À terme, compte tenu de la diversité des besoins, il sera nécessaire de constituer, à côté des réserves opérationnelles correspondant aux filières de métiers, un dispositif interministériel de renfort opérationnel pour la gestion des crises. Ce dispositif, qui dispensera une formation commune à plusieurs administrations, favorisera le recrutement et évitera les duplications.
[page 246 Tome 1 partie 2] :
Une gestion commune des réserves relevant de différents ministères sera mise en place, afin de répondre de façon coordonnée aux besoins liés à des crises aiguës sur le territoire national. La multiplication des filières (armées, gendarmerie, police, santé, sécurité civile) fait craindre que les mêmes personnes soient recensées plusieurs fois, ce qui crée des risques lorsque la ressource est rare (spécialistes, personnel médical…). Cet inconvénient ne sera évité que par la concertation interministérielle et une coordination territoriale au niveau des préfets de zone de défense et de sécurité.
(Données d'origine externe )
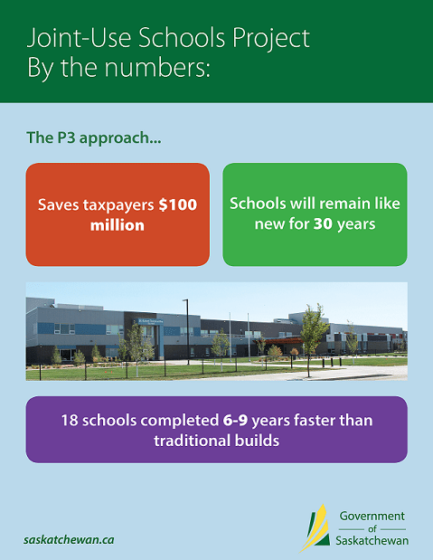 In Regina, the joint-use schools are located in Harbour Landing, Greens on Gardiner and Rosewood Park. The schools were constructed using public-private partnership (P3).

[page 305 Tome 1 partie 2] :
LE RECOURS AUX VOLONTARIATS
Les volontariats permettront à tous les citoyens de s’engager dans une tâche de solidarité active en faveur de leurs concitoyens. Les membres de la Croix-Rouge, de la protection civile et de la Société nationale de sauvetage en mer démontrent chaque jour la volonté d’engagement personnel d’un grand nombre de nos concitoyens au profit de la collectivité. Le développement du volontariat – dans la diversité de ses formes – est un mouvement général qu’il convient d’encourager et d’organiser. Il peut jouer un rôle important dans le renforcement de la sécurité nationale. La refonte de la réserve citoyenne s’inscrira dans ce mouvement. Celle-ci constitue, depuis la professionnalisation des forces armées en 1996, la deuxième composante de la réserve militaire, aux côtés de la réserve opérationnelle. Elle est composée de femmes et d’hommes qui ne disposent pas des capacités techniques ou du temps nécessaires pour intégrer la réserve opérationnelle, mais qui sont désireux de s’investir au service de l’armée. Ils méritent, à cet égard, une vraie reconnaissance, car ils participent déjà à la cohésion nationale et à la résilience de la nation. Sociologiquement importante, la réserve citoyenne pâtit d’un manque de visibilité et de clarté des objectifs qui lui sont assignés. L’appellation de réserve ne correspond pas à la vocation de ce corps citoyen, dès lors qu’il n’a pas pour objectif de participer à des opérations en tant que renfort opérationnel. La mise en place d’un volontariat de la sécurité nationale correspondrait mieux à la réalité et aux besoins, tout en prenant en compte le désir d’engagement. Ces volontaires pourraient contribuer à l’encadrement de la JAPD, être sollicités en cas de besoin massif sur le territoire national à l’occasion d’une crise et participer aux actions permettant de faire connaître les armées et les différents services, forces et administrations contribuant à la sécurité nationale. Il pourrait également être fait appel à ces volontaires lors des commémorations nationales.